Thursday, June 28, 2007

Louisville Courier Journal: "Thwarting Equity"

The Louisville Courier Journal's editorial eloquently expresses that community's disappointment in today's decision and its determination to continue the struggle for integration. The passages below are stirring:

"Faced with a choice between continuing or ending Jefferson County’s opportunity-enhancing, popularly supported and nationally acclaimed plan for keeping its once-segregated schools racially integrated and equitable, the Court chose, 5-to-4, to end it.

In doing so, the majority declared unconstitutional the very same race-conscious assignment practices that its civil-rights minded predecessors had deemed constitutionally necessary.

It declared impermissible the very same achievement of integration that those earlier jurists had so wisely required, with such profoundly gratifying results for our society.
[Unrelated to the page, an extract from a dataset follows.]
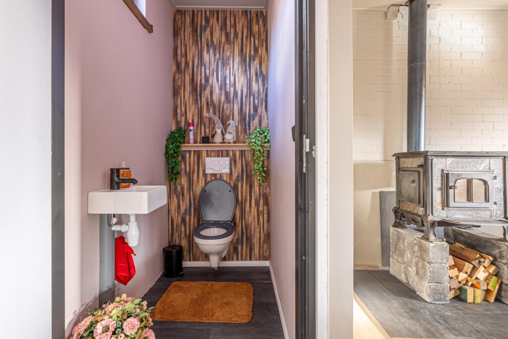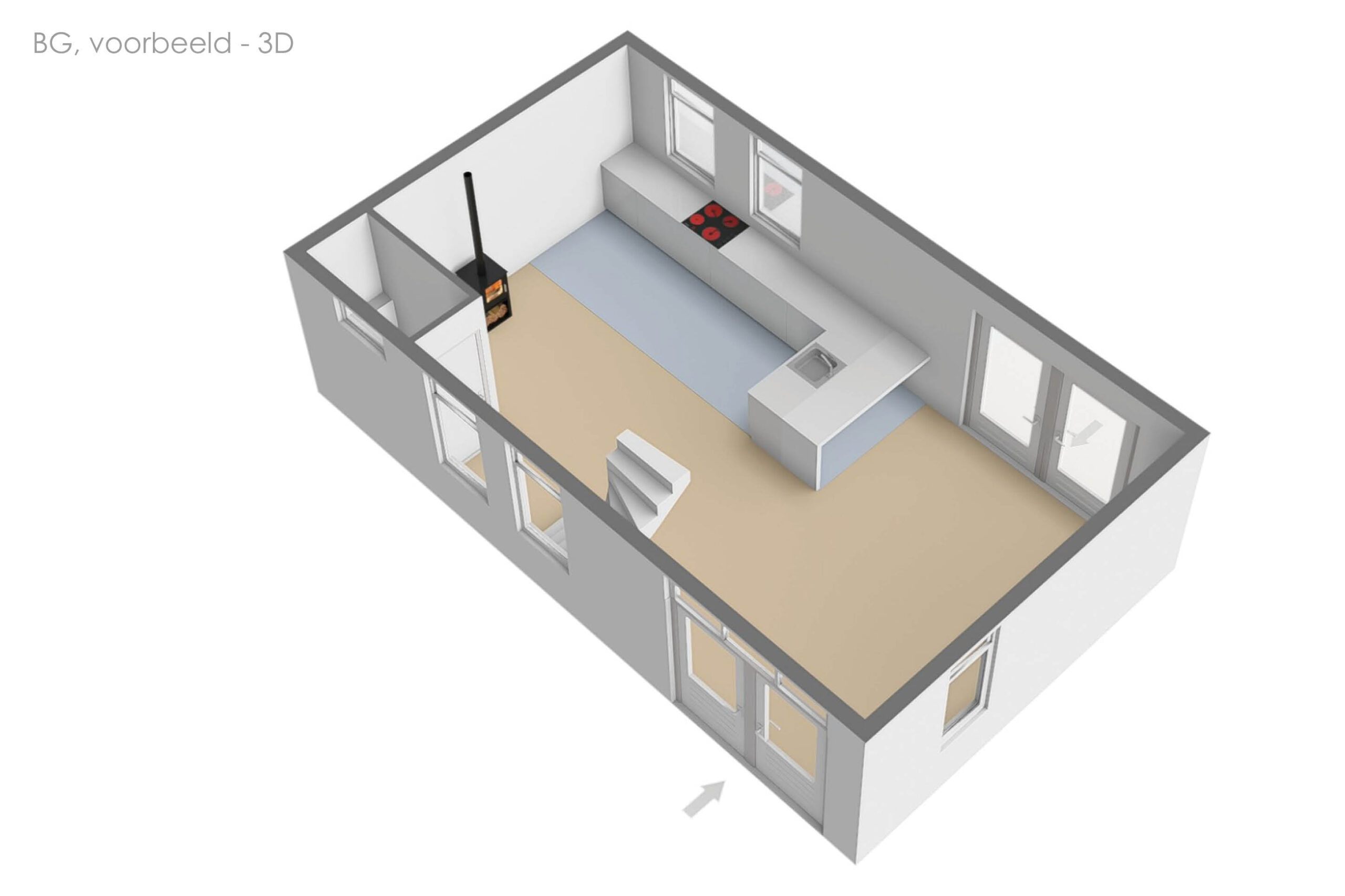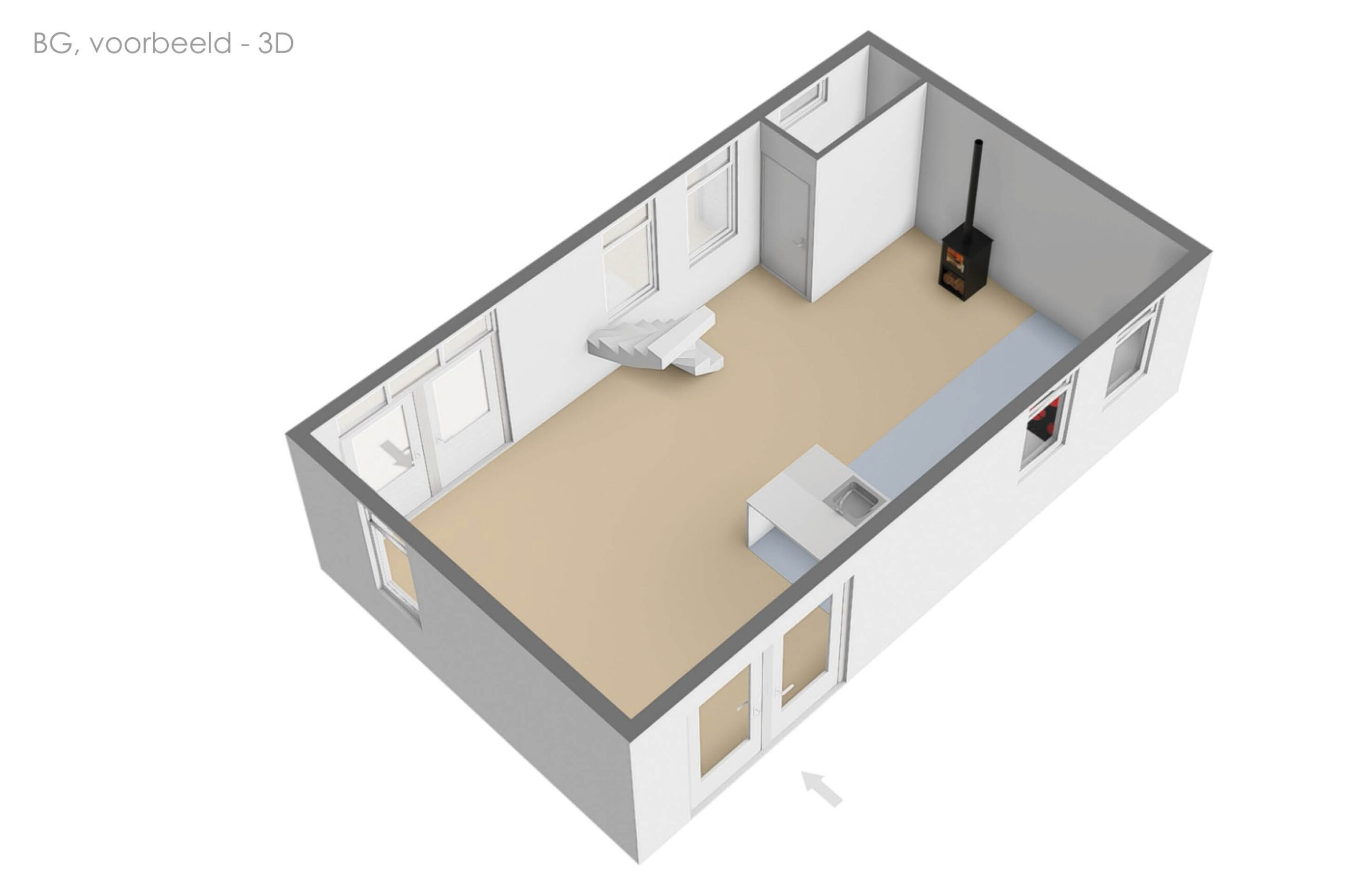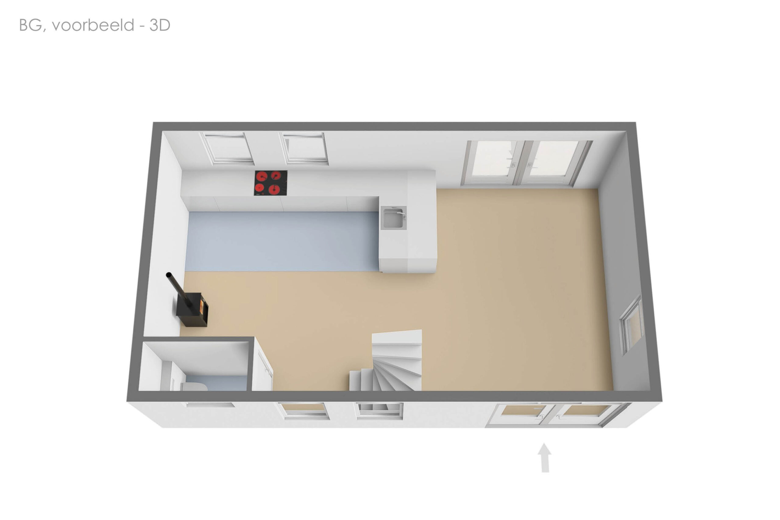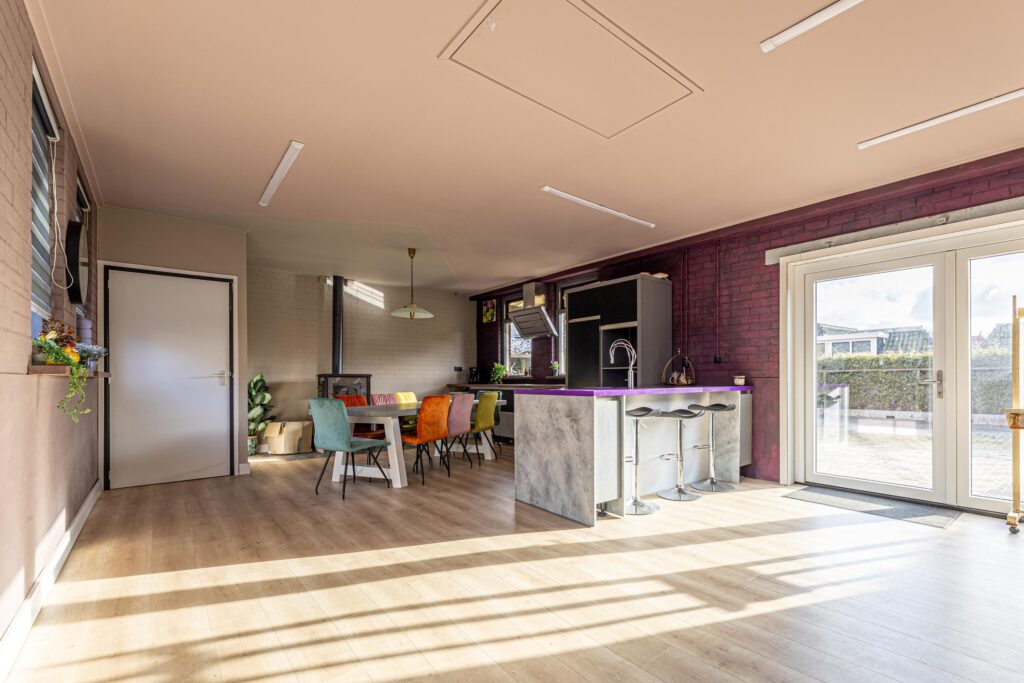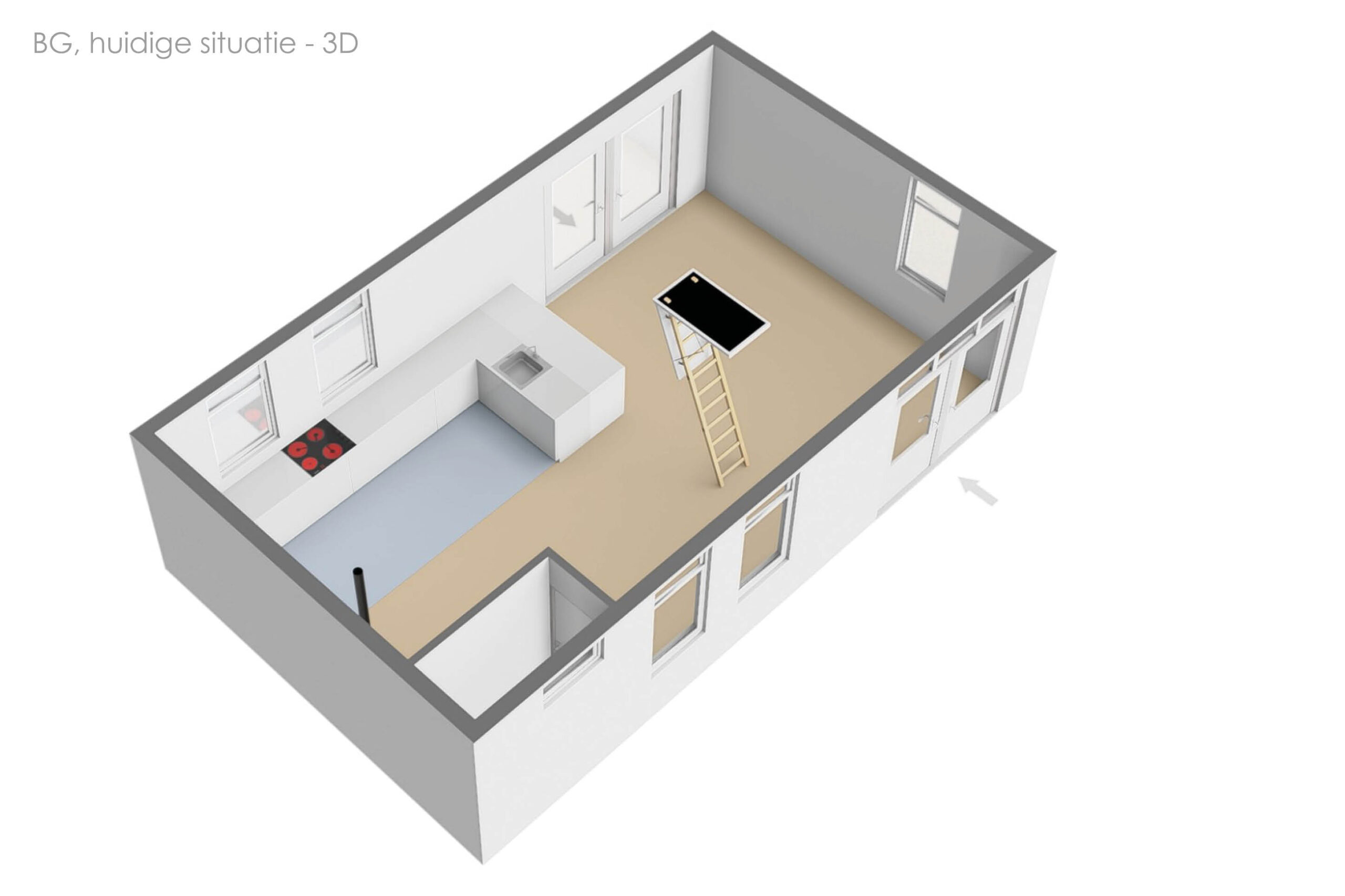 Binnen, op de begane grond zijn al een keuken en een toilet aanwezig. Via de openslaande deuren in de woonkamer stap je direct de tuin in. De verdieping is momenteel nog bereikbaar via een vlizotrap, en biedt ruimte om bijvoorbeeld twee slaapkamers en een badkamer te realiseren (zie ook de plattegronden voor een mogelijke indeling). Ook kan er eventueel nog een dakkapel geplaatst worden voor extra ruimte. Verder is het dak al geïsoleerd en is er een houtkachel aanwezig, kortom er ligt al een goede basis.

As a result, the near total racial isolation and educational despair that pervade so many American cities today are considered constitutionally just; the racial diversity and educational opportunity that Jefferson County has voluntarily and proudly attained are rejected as constitutionally unjust.

A more bitter or unjustified blow is hard to conceive.

The only thing worse would be for people of good will here to stagger under that blow and give up.

What we have gained for our children and for our community’s social health is far too important to lose, and despite the callous, ideological lockstep of this decision, there remains a glimmer of hope.

School authorities may still “find a way to achieve the compelling interests they face without resorting to widespread governmental allocation of benefits and burdens on the basis of racial classification.”

That is precisely the challenge that the school board, its new superintendent and federal District Court Judge John G. Heyburn must accept and meet.

Other means must be found to preserve both the diversity and choice that families of both races value so highly. Simply returning to segregated neighborhood schools would sacrifice far too much of both.

As Justice Stephen Breyer wrote in the stirring minority dissent, “This is a decision the Court and the Nation will come to regret.”

The same shouldn’t be said of our response."